4 catégories possibles : général, enfants, mystère, Star Wars. Et un choix dans le nombre de dés, entre 0 et 10 ! J’ai choisi pour écrire une histoire, la catégorie kids et 6 dés…

En secouant mon téléphone (pas obligatoire de le faire, mais j’aime bien, le mouvement et le bruit font « comme si c’étaient de vrais dés »), voici ce qui est apparu…

ecrire avec des dés

Une valise au milieu d’un petit bois

Elisabeth, dix ans, rêve de devenir une danseuse. Mais sa maman n’a pas les moyens de lui acheter la robe, les bas et les chaussures typiques d’une danseuse classique. Alors, par temps ensoleillé comme aujourd’hui, Elisabeth aime se promener dans le petit bois non loin chez elle. La liberté, l’espace, le chant des oiseaux et surtout la lumière du soleil qui pénètre parmi l’enchevêtrement des branches qui bourgeonnent, tout ça lui permet de rêver en toute liberté. Le bois n’est pas bien grand, mais il a quand même son petit étang. Comme à son habitude Babeth, comme l’appelle affectueusement sa maman, se dirige vers la minuscule étendue d’eau.
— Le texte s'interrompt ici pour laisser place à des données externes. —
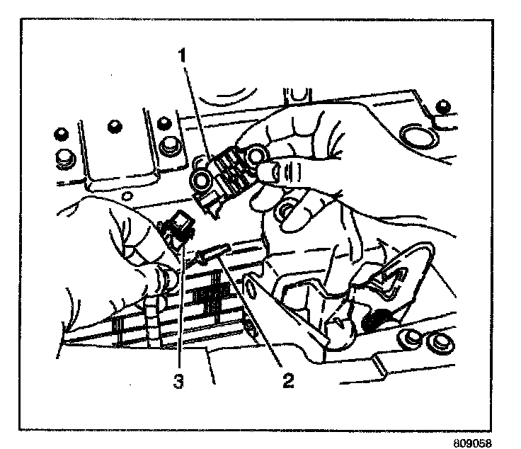 2. Connect the harness connector (3) to the sensor (1).
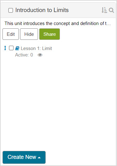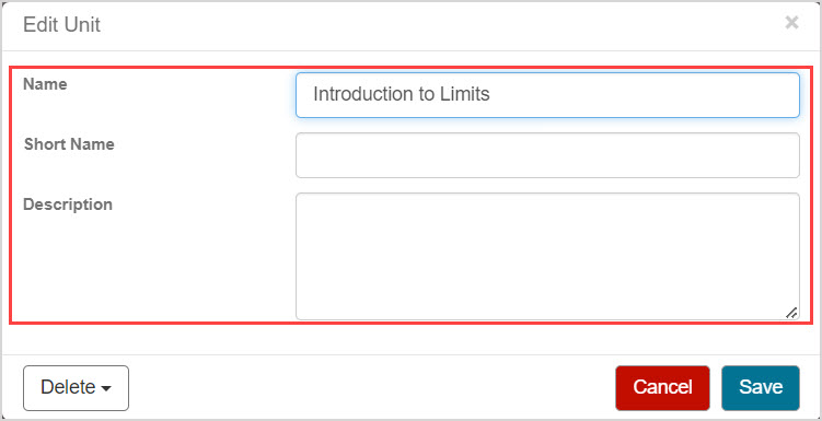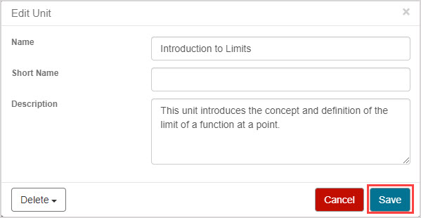 NOTE: The Description of the unit is visible to students on the Class Homepage when the unit is selected.
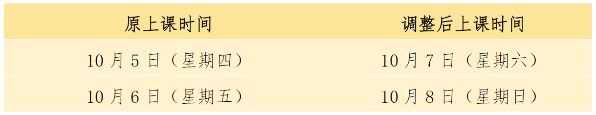2023年9月28日(星期四)至10月6日(星期五)放假调休,共9天。10月7日(星期六)、10月8日(星期日)上班。有关课程调整如下:
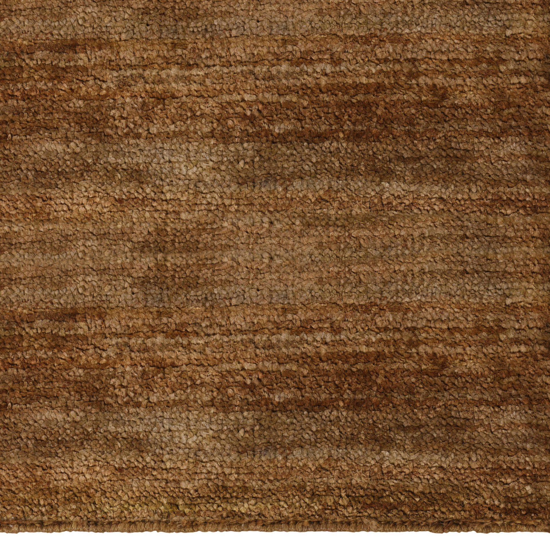 Fabriqué en jute naturel jamais teint, ce tapis noué à la main varie en couleur en fonction du moment où son matériau durable a été récolté.
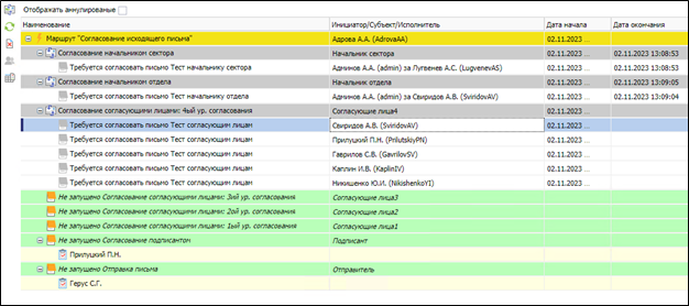 1. Задачи всегда направляются параллельно, но есть возможность настроить состояния маршрута таким образом, чтобы исполнители получали задачи последовательно. Для примера разберем маршрут «Согласование распоряжения».
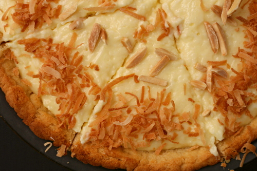 5. Assembly: Remove the chilled pastry cream from the freezer and stir in the unsweetened coconut. Spread the pastry cream into the cooled crust; smooth the top. Place a piece of plastic wrap directly over the filling and refrigerate for at least 3 hours. During this time, the coconut will soak up moisture from the filling, become softer and thickening the filling further.

L’enfant aime observer et écouter les oiseaux qui viennent tantôt boire l’eau, tantôt se plonger dedans pour se laver, tantôt encore pour manger, car oui, la petite surface est assez grande pour qu’un martin-pêcheur y vienne se sustenter. La fillette n’est pas encore au bord de l’étang qu’elle aperçoit une valise boueuse à moitié ouverte à moins un mètre de la berge.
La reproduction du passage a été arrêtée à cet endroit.